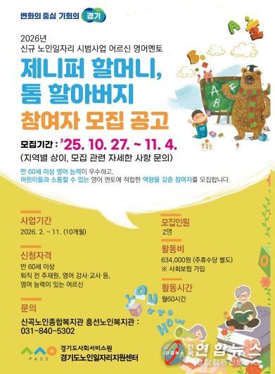 전국연합뉴스 박점규 기자 | 의정부시는 2026년도 노인일자리 시범사업으로 추진되는 어르신 영어 멘토 프로그램 ‘제니퍼 할머니, 톰 할아버지’ 사업 참여자를 모집한다.
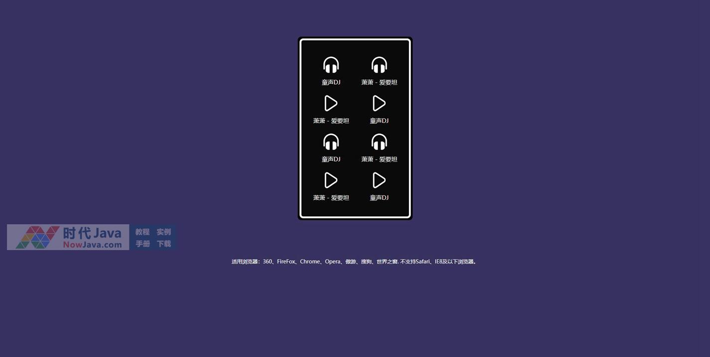 这是一款很个性化的jQuery点击图标播放mp3音乐代码,基于html5 Audio属性制作的网页音乐播放器,支持列表布局形式排列,只能同时播放一首音乐。
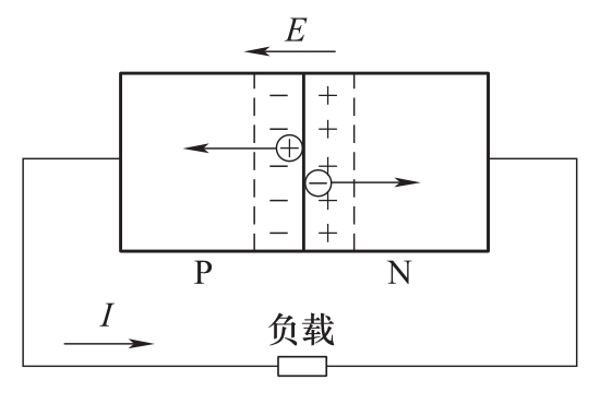 PN结光生伏特效应的示意图如图1-7所示,当电子-空穴对在空间电荷区产生后,立即被内电场分离,自由电子被推向N区,空穴被推向P区。在N区中的电子-空穴对向PN结扩散时,一旦达到空间电荷区的边界,就立即受到内电场的作用,空穴被推入P区,而自由电子则被留在N区。P区中的自由电子则同样先扩散,后在内电场的作用下被推入N区,而空穴则留在P区。因此,在P区出现了过剩的空穴,在N区出现了过剩的自由电子,如此便在PN结两侧形成了正负电荷的积累,产生与内电场方向相反的光生电动势,也就是光生伏特效应。将半导体做成太阳能电池并外接负载后,光电流从P区经负载流至N区,负载即得到功率输出,太阳能便转换成电能。
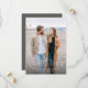 Esta fotografia simples, mas na moda, para salvar o cartão de data é a forma perfeita de anunciar o seu noivado e o seu próximo casamento aos amigos e à família. A frente desta vertical salve a data com um tratamento moderno em branco na parte inferior de uma foto de solteiro. A parte de trás é uma cor de carvão chico com uma segunda foto junto com a sala para uma mensagem personalizada que pode incluir detalhes do fim de semana do casamento, seu site de casamento e mais script de assinatura. Este original que salvou a data de Lea Delaveris Design é perfeito para casais engajados com na moda e faz parte de uma coleção onde você pode encontrar mais cores e estilos. Isso também está disponível para salvar a data de download digital.
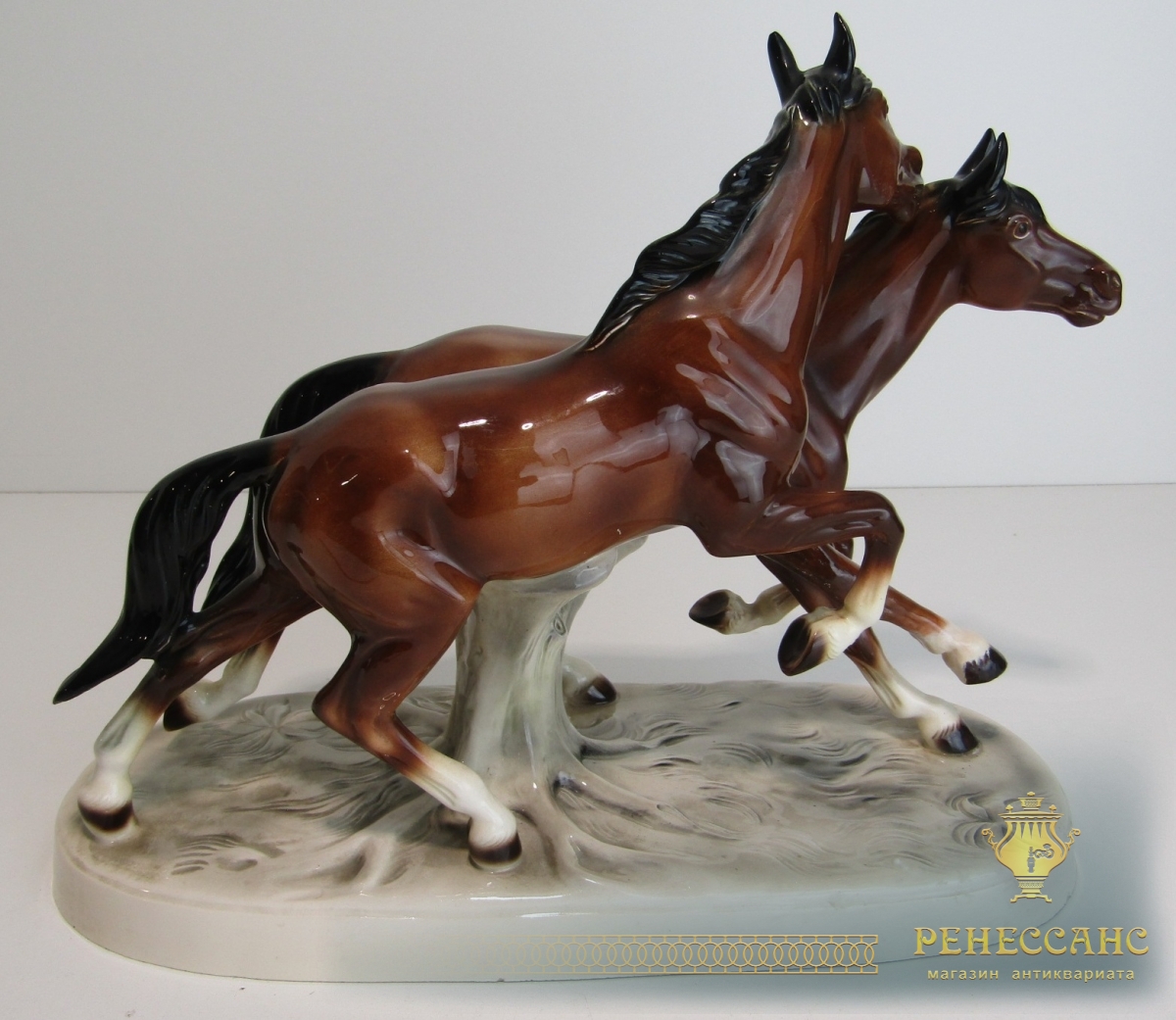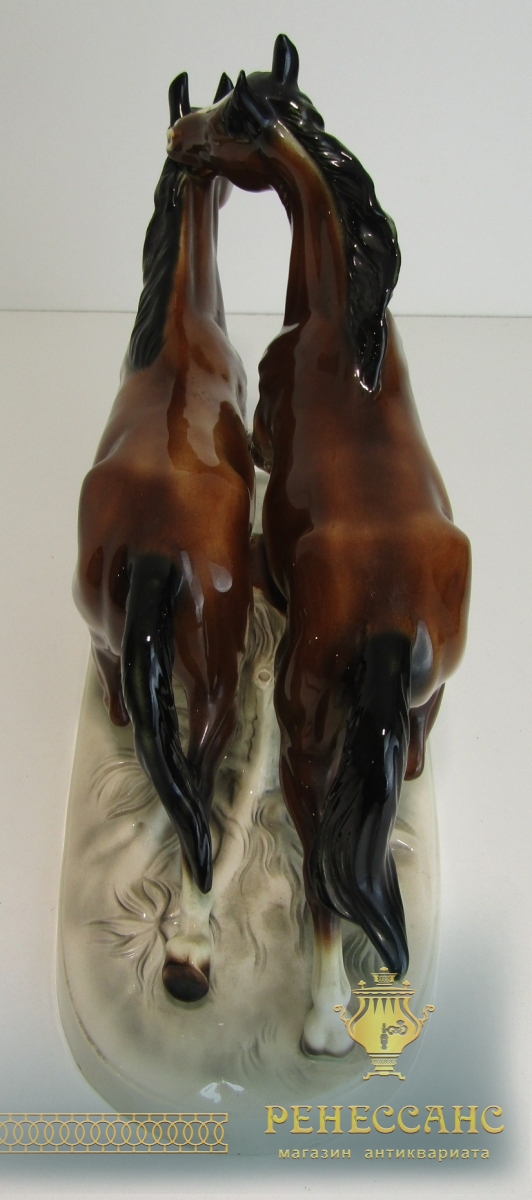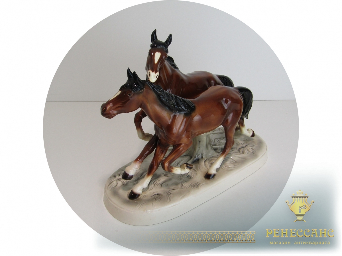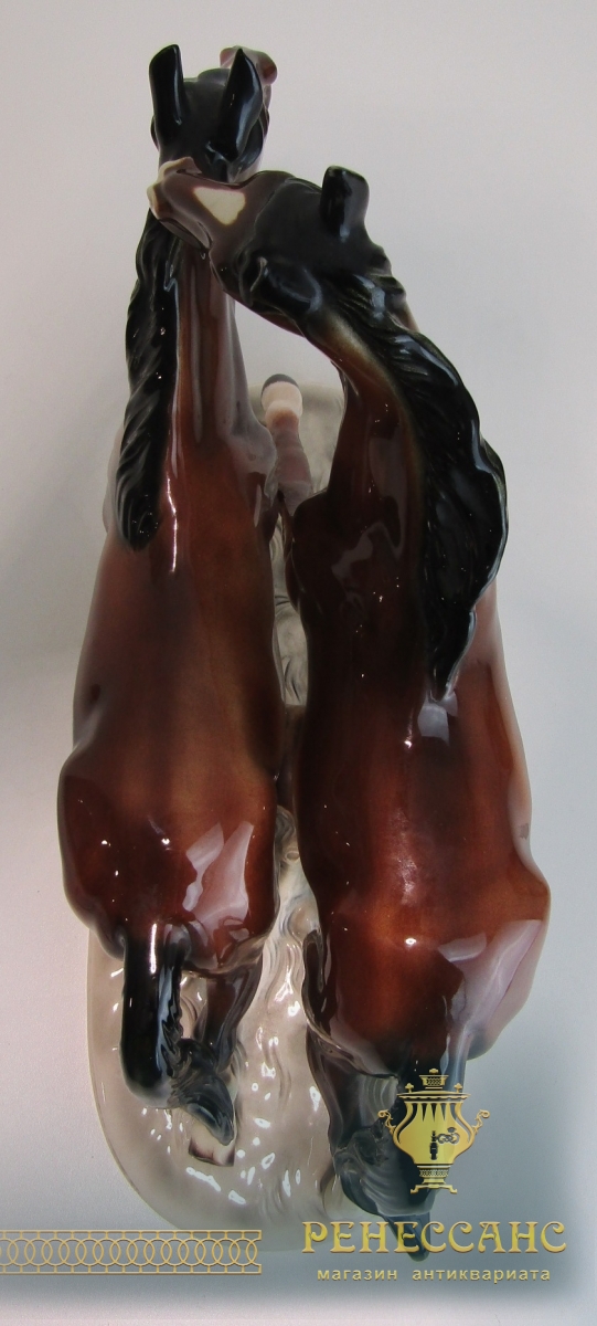Фарфоровая статуэтка, фигура "Лошади" №13884Клеймо на фото. Германия 20 векВысота 29,5 см, габариты 16,8*38,5 см
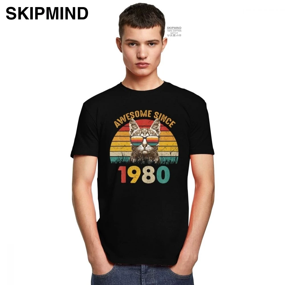Стильная мужская забавная крутая футболка с 1980 года, летняя футболка хлопковая футболка с коротким рукавом, Винтажная футболка, подарок на 40-й день рождения, футболка для любителей кошек
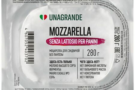 Сыр Unagrande Моцарелла без лактозы для сэндвичей 45%, 280г доставка
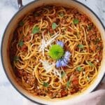 - Serve: Remove from heat and serve warm, topped with Parmesan cheese if desired. Enjoy your hearty, comforting one pot spaghetti meal!
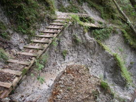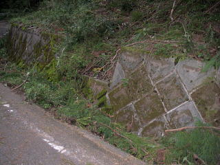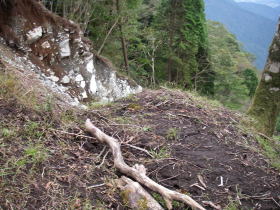 | 雨山峠から寄大橋に下る道は、このように侵食が進み危なっかしい所が何箇所もありました。 |
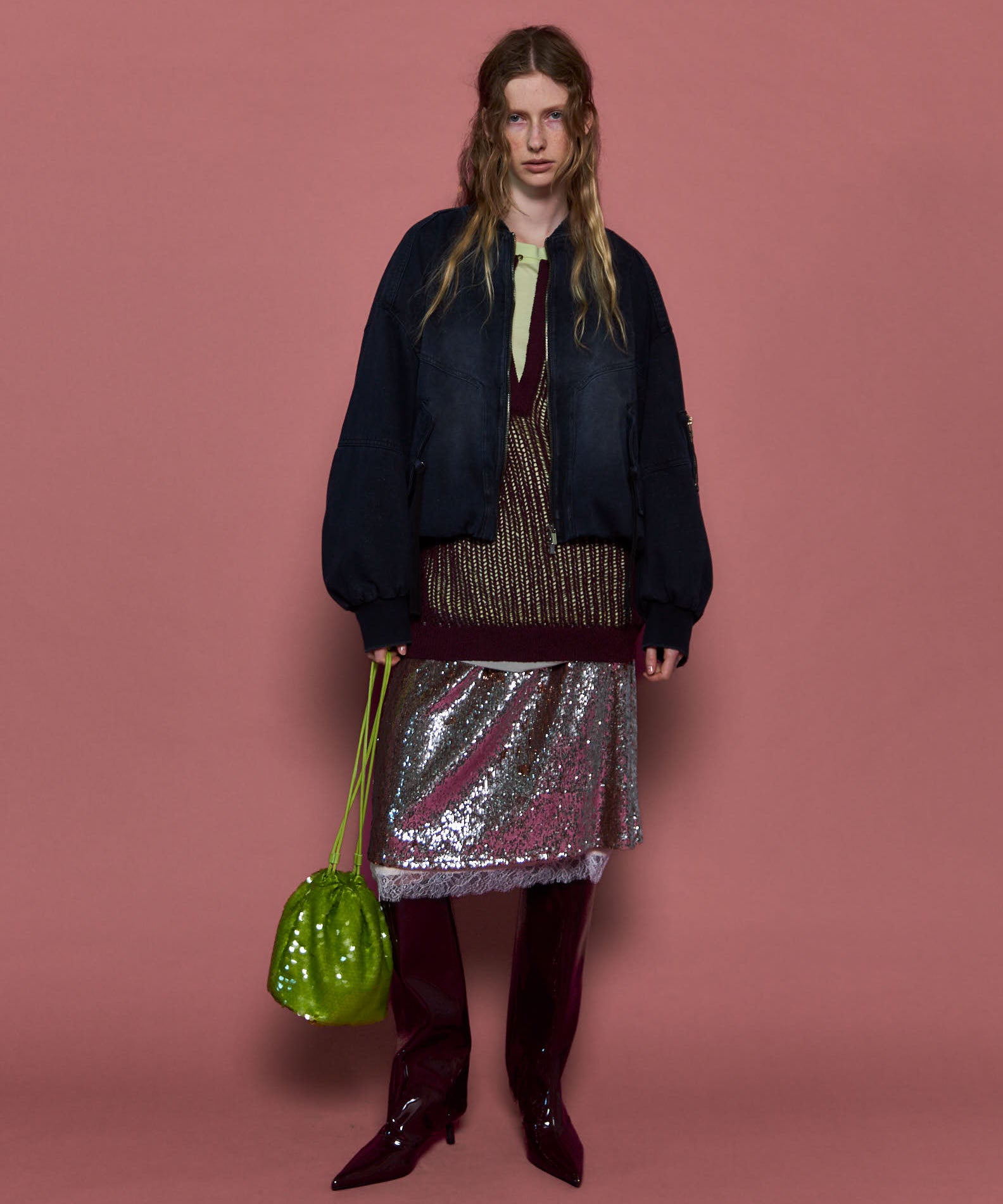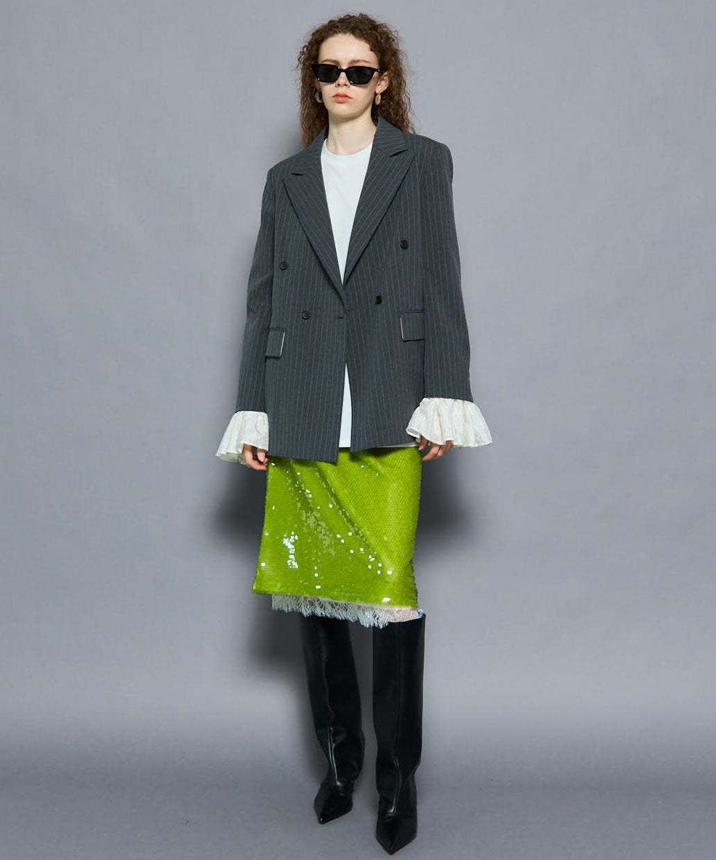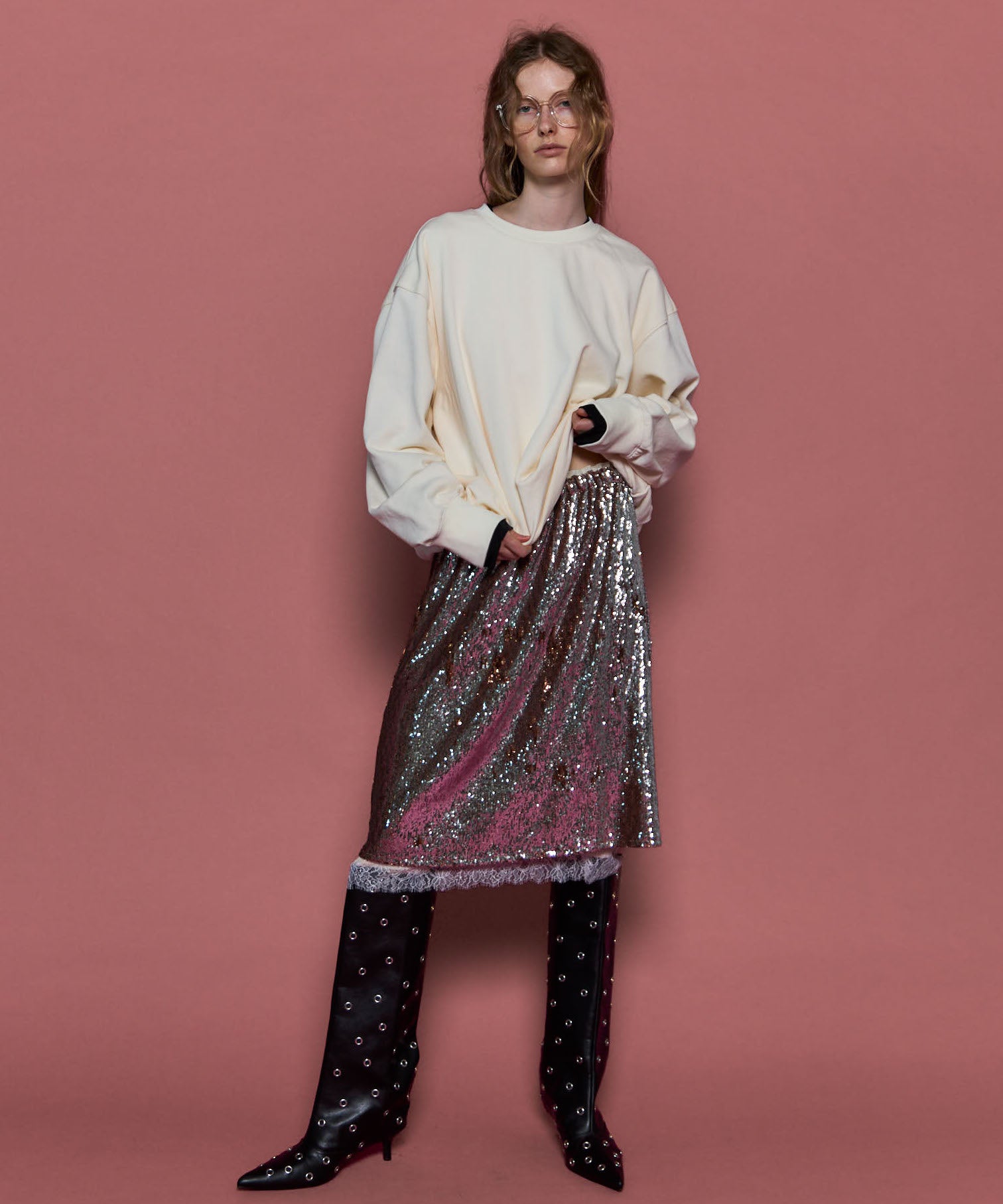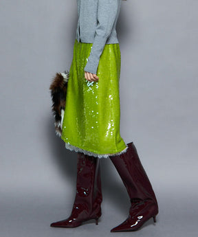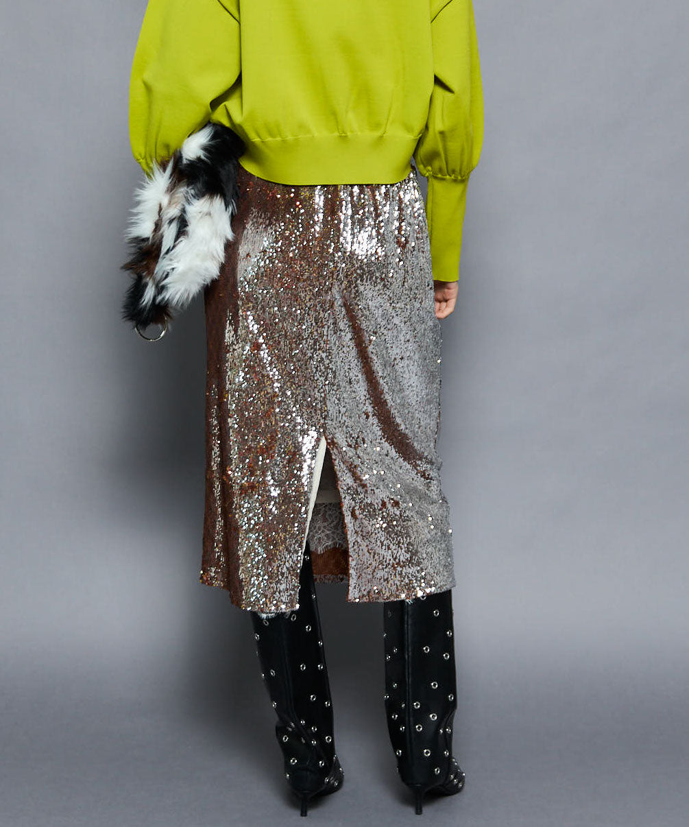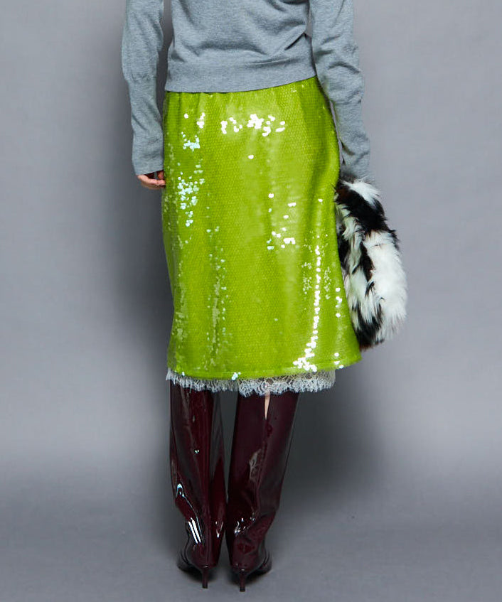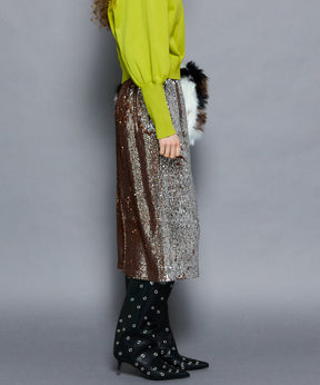 ・煌めくキャッチーなスパンコールを使用したタイトスカート。

########################################

What is needed is an exact transcription of the lines from the one containing "Фарфоровая статуэтка, фигура" through the last line of the records above, both included, with no pictures.

Фарфоровая статуэтка, фигура "Лошади" №13884Клеймо на фото. Германия 20 векВысота 29,5 см, габариты 16,8*38,5 см
Стильная мужская забавная крутая футболка с 1980 года, летняя футболка хлопковая футболка с коротким рукавом, Винтажная футболка, подарок на 40-й день рождения, футболка для любителей кошек
 Сыр Unagrande Моцарелла без лактозы для сэндвичей 45%, 280г доставка
 - Serve: Remove from heat and serve warm, topped with Parmesan cheese if desired. Enjoy your hearty, comforting one pot spaghetti meal!
 | 雨山峠から寄大橋に下る道は、このように侵食が進み危なっかしい所が何箇所もありました。 |
 ・煌めくキャッチーなスパンコールを使用したタイトスカート。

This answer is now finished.